((
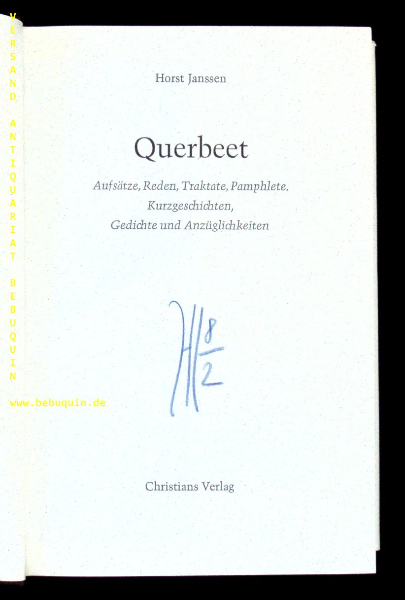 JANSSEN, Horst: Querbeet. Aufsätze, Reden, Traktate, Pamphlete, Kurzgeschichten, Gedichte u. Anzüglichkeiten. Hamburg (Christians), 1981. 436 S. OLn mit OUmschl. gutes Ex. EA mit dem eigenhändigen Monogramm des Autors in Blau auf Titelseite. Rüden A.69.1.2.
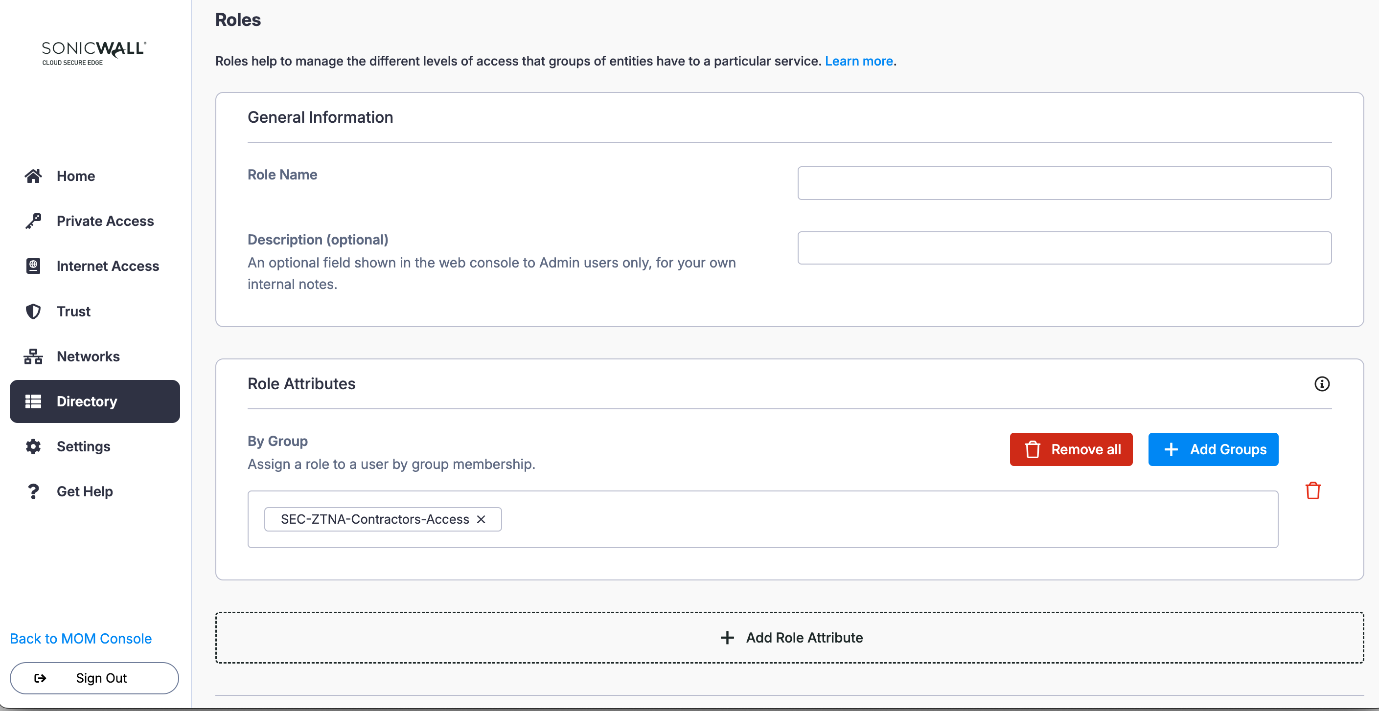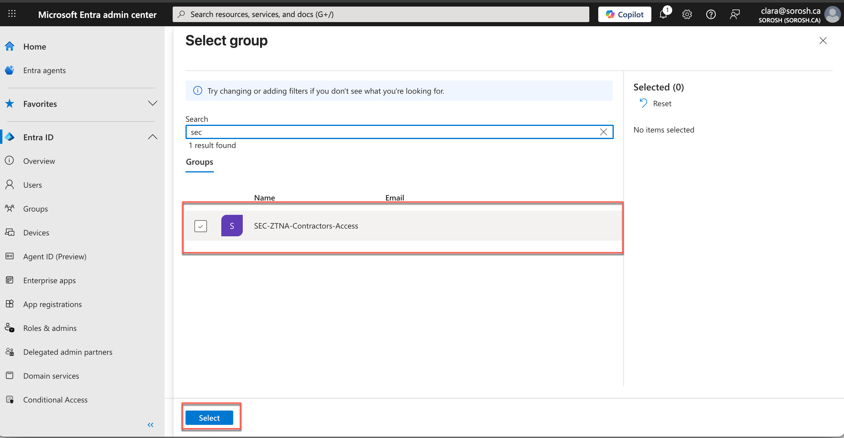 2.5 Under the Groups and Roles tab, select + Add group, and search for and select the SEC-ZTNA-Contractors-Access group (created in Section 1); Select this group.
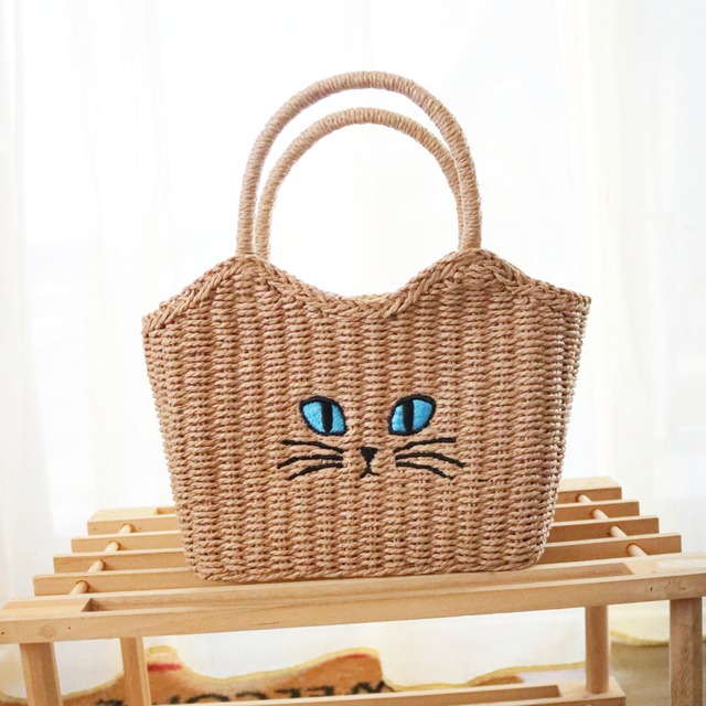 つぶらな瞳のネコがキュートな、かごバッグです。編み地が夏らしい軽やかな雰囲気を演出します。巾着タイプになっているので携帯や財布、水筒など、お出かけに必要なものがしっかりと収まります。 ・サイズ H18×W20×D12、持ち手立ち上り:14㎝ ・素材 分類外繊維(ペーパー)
))
Exercise directions
The required output is every line of the data above, set down exactly and stripped of pictures.

Result of this task
 JANSSEN, Horst: Querbeet. Aufsätze, Reden, Traktate, Pamphlete, Kurzgeschichten, Gedichte u. Anzüglichkeiten. Hamburg (Christians), 1981. 436 S. OLn mit OUmschl. gutes Ex. EA mit dem eigenhändigen Monogramm des Autors in Blau auf Titelseite. Rüden A.69.1.2.
 2.5 Under the Groups and Roles tab, select + Add group, and search for and select the SEC-ZTNA-Contractors-Access group (created in Section 1); Select this group.
 つぶらな瞳のネコがキュートな、かごバッグです。編み地が夏らしい軽やかな雰囲気を演出します。巾着タイプになっているので携帯や財布、水筒など、お出かけに必要なものがしっかりと収まります。 ・サイズ H18×W20×D12、持ち手立ち上り:14㎝ ・素材 分類外繊維(ペーパー)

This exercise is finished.